After successful completion of the required clinical testing, submission to the FDA of a NDA, or an ANDA, for generic drugs. In certain cases, an application for marketing approval may include information regarding safety and efficacy of a proposed drug that comes from studies not conducted by or for the applicant. Such applications, known as a 505(b)(2) NDA, are permitted for new drug products that incorporate previously approved active ingredients, even if the proposed new drug incorporates an approved active ingredient in a novel formulation or for a new indication;

   

Satisfactory completion of an FDA inspection of the manufacturing facility or facilities at which the product is produced to assess compliance with cGMPs to assure that the facilities, methods and controls are adequate to preserve the drug’s identity, strength, quality and purity; and

   

   •

FDA review and approval of the NDA or ANDA.

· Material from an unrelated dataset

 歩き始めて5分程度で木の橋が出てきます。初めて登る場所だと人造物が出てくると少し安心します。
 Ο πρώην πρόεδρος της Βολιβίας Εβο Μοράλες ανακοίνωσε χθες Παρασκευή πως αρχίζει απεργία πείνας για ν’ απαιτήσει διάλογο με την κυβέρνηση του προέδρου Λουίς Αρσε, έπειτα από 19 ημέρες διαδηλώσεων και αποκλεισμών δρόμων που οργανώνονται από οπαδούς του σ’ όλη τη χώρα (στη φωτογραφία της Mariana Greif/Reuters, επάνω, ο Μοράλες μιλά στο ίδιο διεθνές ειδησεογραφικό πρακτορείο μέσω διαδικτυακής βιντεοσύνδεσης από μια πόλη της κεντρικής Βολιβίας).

The cost of complying with the foregoing requirements, including preparing and submitting an NDA or ANDA, may be substantial. Accordingly, we typically rely upon our partners in the pharmaceutical industry to spearhead and bear the costs of the FDA approval process. We also seek to mitigate regulatory costs by focusing on 505(b)(2) NDA opportunities. By applying our drug delivery technology to existing drugs, we seek to develop products with lower research & development (“R&D”) expenses and shorter time-to-market timelines as compared to regular NDA products.

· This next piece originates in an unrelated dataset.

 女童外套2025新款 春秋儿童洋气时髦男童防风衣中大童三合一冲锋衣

Research and Development Expense

Our R&D expenses, net of R&D tax credits, for the year ended December 31, 2015 decreased by $42 thousand to $1,033 thousand, compared with $1,075 thousand for the year ended December 31, 2014. The decrease in R&D expenditure is explained in the section of this report entitled “Management’s Discussion and Analysis of Financial Condition and Results of Operations”.

Environmental Regulatory Compliance

We believe that we are in compliance with environmental regulations applicable to our research and development facility located in Ville Saint Laurent, Quebec.

Employees

As of the date of this filing, we have 21 full-time and no part-time employees. None of our employees are covered by collective bargaining agreements. We believe that our relations with our employees are good.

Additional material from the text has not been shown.